Сплетня и наука. Литературоведение делится на сплетническое и точное. Сплетническое разыскивает прототипы и хищно уточняет, кто кого и с кем. Точное считает икты, изредка обнаруживает архетипы. Сплетническое старается писать красиво, точное старается выражаться научно. Сплетническое подчеркнуто субъективно и нагло, точное по-научному скромно и старательно объективно. Такое деление повторяет (карикатуря) риккертовское деление на науки «объясняющие» и «понимающие». Сплетня – «понимает» (во всяком случае, задача сплетни – в понимании, верном или неверном). Точность – «объясняет» (во всяком случае, задача точности – в скрупулезном объяснении). Точность и «объяснение» – вне эмоций, вне вкусовщины. Зато сплетня и «понимание» распахнуты настежь как вкусовщине («понравилось» – «не понравилось»), так и эмоции («прошибло, знаете ли, слезу, а вот тут, в этом месте романа, понимаете, остался равнодушным»). Мне следовало давно предупредить: вы вступили в область сплетнического литературоведения.

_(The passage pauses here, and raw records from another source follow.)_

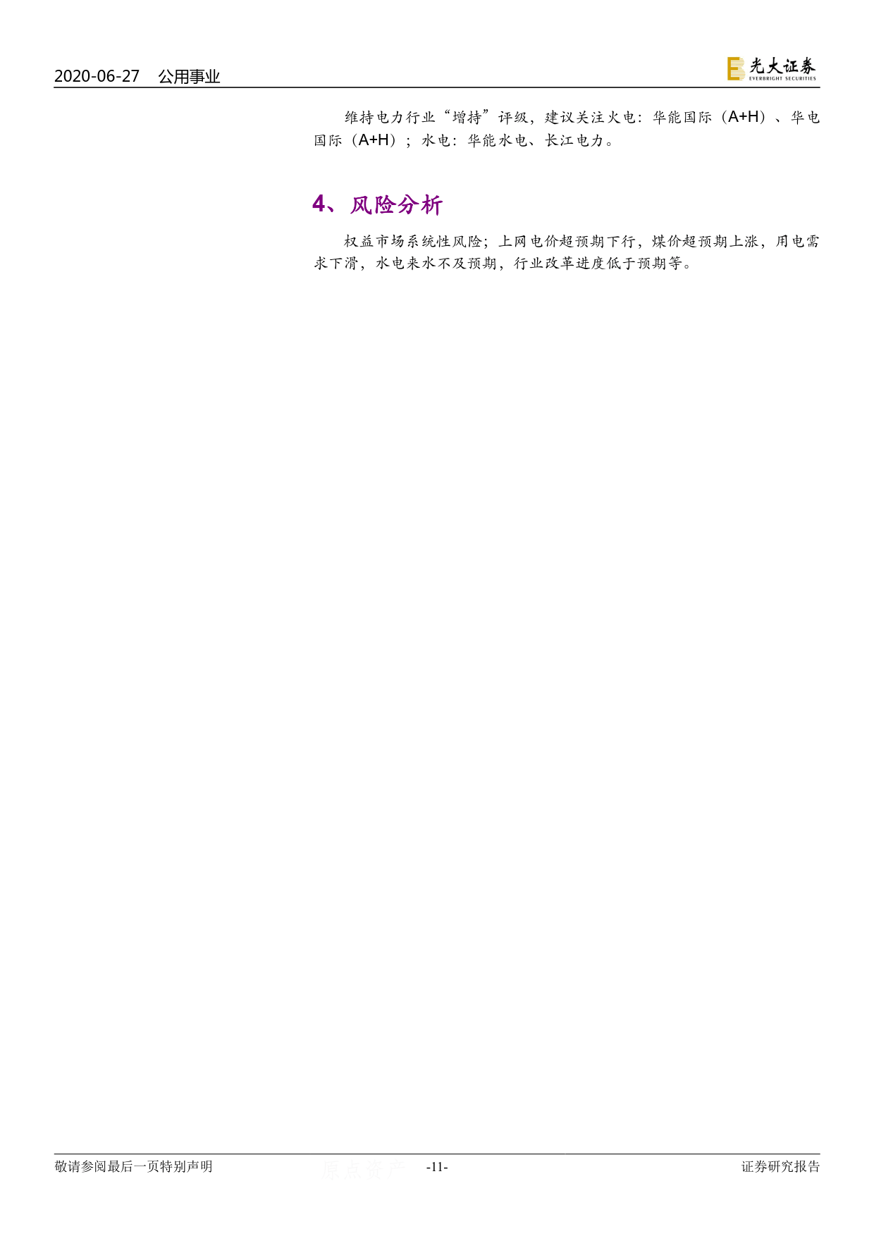 2020年政府工作報(bào)告明確要求“降低工商業(yè)電價(jià) 5%政策延長(zhǎng)到今年年底”,對(duì)于發(fā)電側(cè)而言,我們認(rèn)為通過(guò)行政性指令降低計(jì)劃電價(jià)的概率較低;在電力市場(chǎng)化改革進(jìn)程加速背景下,市場(chǎng)化規(guī)模的擴(kuò)張可能拉低發(fā)電側(cè)綜合上網(wǎng)電價(jià)水平,但對(duì)于市場(chǎng)化比例基數(shù)較高的火電龍頭公司整體影響有限,市場(chǎng)對(duì)于發(fā)電企業(yè)上網(wǎng)電價(jià)的悲觀預(yù)期有望修復(fù)。“新冠”疫情對(duì)于用電需求構(gòu)成短期沖擊,但在社會(huì)生產(chǎn)恢復(fù)、電力需求復(fù)蘇預(yù)期下火電利用小時(shí)數(shù)提升空間可觀,煤價(jià)仍處于綠色區(qū)間內(nèi),當(dāng)前競(jìng)爭(zhēng)要素有利于火電基本面持續(xù)回暖,而估值的修復(fù)將取決于市場(chǎng)電改革“質(zhì)變”背景下火電“定價(jià)權(quán)”的實(shí)質(zhì)性提升。
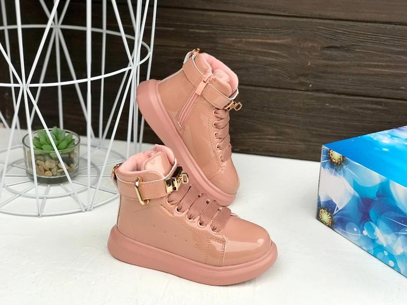 Без кнопки замовити ‼️‼️‼️ Лаковые ботиночки Мягенькие, легкие и удобные Утеплены плюшем Сбоку молния пудра 30 размер 17,8 см
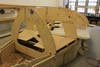 With Sheaās experience and craftsmanship in building boats, and design and technological capabilities of Herreshoff Designs, the small model is becoming life size. Currently, the hull is complete and the boat sits upright in the middle of Sheaās shop. Shea, on his own, will continue to chip away at it until the expected completion this summer.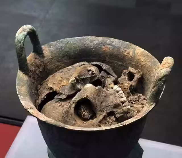 其實最叫人不安的,還不是苦難。早在甲骨文里就能看見些瘋癲的細節。據說殷商有時會讓人吃人。宴席上據說,還真有國王吃敵首以求勇氣的荒誕風景。考古也沒騙人,部分遺骨的斷面、燒痕,甚至粘附的炭末,很多專家都確信,確實有過那樣的議式。更有孕婦、兒女被一起帶走,屍體拼成怪異的姿態。這樣做,真能延年益壽嗎?還是純粹發泄絕望?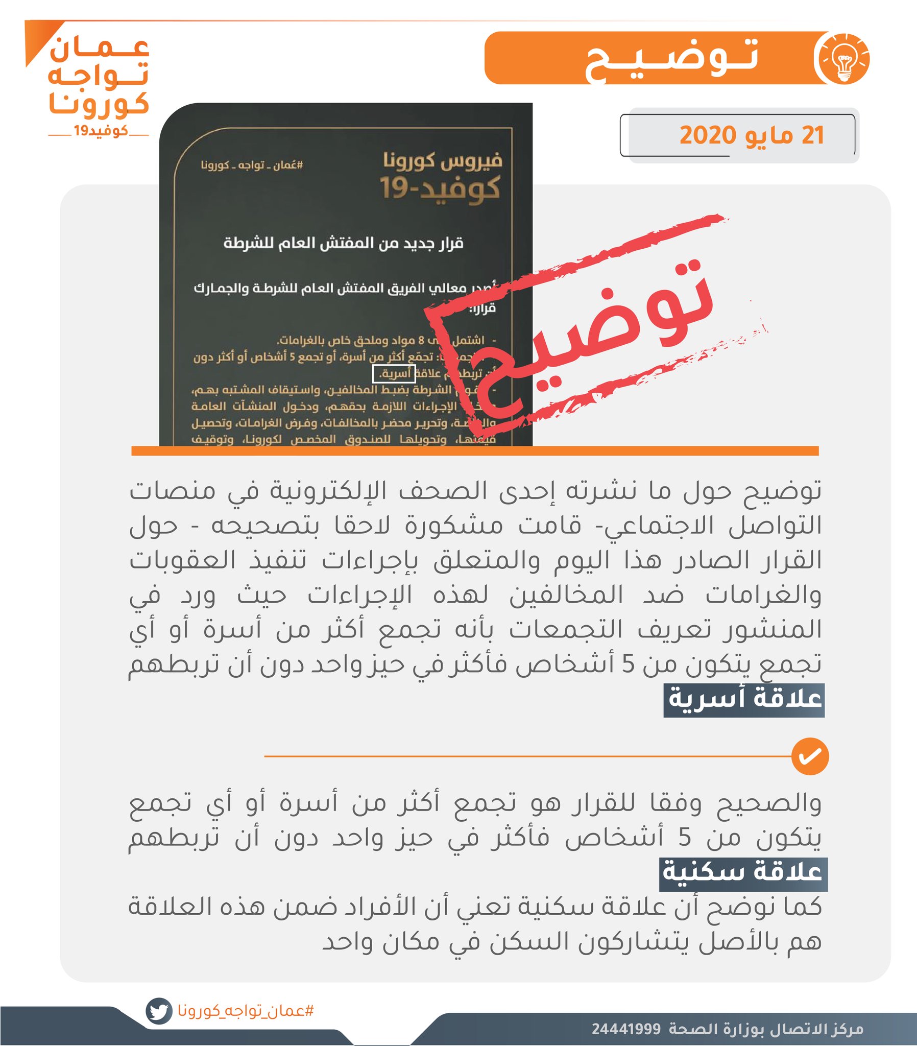 الخميس ٢١/مايو/٢٠٢٠ ١٩:٤٩ م "العليا" توضح حول آلية العقوبات على مخالفي الإجراءات مسقط - الشبيبة نشر حساب "عمان تواجه الكورونا" التابع للجنة العليا المكلفة ببحث...

Поиски прототипа. Симурден и Пугачев. Трудно понять, почему столь литературный, столь из-книжек-сделанный-герой внушает читателю такую симпатию. Едва лишь он появляется перед Юрием Живаго во всей своей революционной красе в штабном вагоне на Урале, едва лишь потрясенный доктор, которого Стрельников чуть было не расстрелял под горячую-то руку, во всяком случае обошелся… мм… неласково, про себя воскликнул: «Как мог он, доктор, среди такой бездны неопределенных знакомств, не знать до сих пор такой определенности, как этот человек? Как не столкнула их жизнь? Как их пути не скрестились? Неизвестно почему, сразу становилось ясно, что этот человек представляет законченное явление воли», едва лишь по изложении революционной карьеры Стрельникова Пастернак завершает главу энергичным, ритмическим: «Разочарование ожесточило его. Революция его вооружила», как читающий сразу определяет: ну да! Старый знакомый! Гражданин Симурден из «Девяносто третьего года» Гюго и еще ближе, еще современнее – несчастный, обреченный гибели фанатик – Эварист Гамлен из «Боги жаждут» Анатоля Франса.
«Доктор Живаго» встраивается в традицию романов о революции. Не советских романов о революции, здесь-то как раз – полемика явная и подчеркнутая («Это ведь только в плохих книжках живущие разделены на два лагеря и не соприкасаются. А в действительности все так переплетается», – любопытно, что Лара Гишар говорит это еще в 1918 году, то есть еще до того, как «плохие книжки» о «разделенности на два несоприкасающихся лагеря» во времена Гражданской войны были написаны) – а, если можно так выразиться, либеральных романов о революции. В этом ряду и «Девяносто третий год», и «Боги жаждут» – самые сюжето– и темообразующие. Был, впрочем, еще один роман о социальном катаклизме, о слегка подзадержавшейся во времени и в пространстве сатурналии, который был столь же важен для Пастернака, как и западные, в слове воплощенные революции. «Капитанская дочка» – уральская повесть, как и «Доктор Живаго» – по большей части – уральский роман. В самом деле, вот в «Капитанской дочке» – никакой разделенности на два лагеря. Здесь взаимопересечения людей «во дни мытарств, во времена немыслимого быта» изображаются едва ли не с удовольствием, во всяком случае, не без юмора: «..Я готов был уже ударить его своею турецкою саблею, как вдруг он снял шапку и закричал: “Здравствуйте, Петр Андреич! Как вас Бог милует?” Я взглянул и узнал нашего урядника. Я несказанно ему обрадовался. “Здравствуй, Максимыч, – сказал я ему. – Давно ли из Белогорской?”»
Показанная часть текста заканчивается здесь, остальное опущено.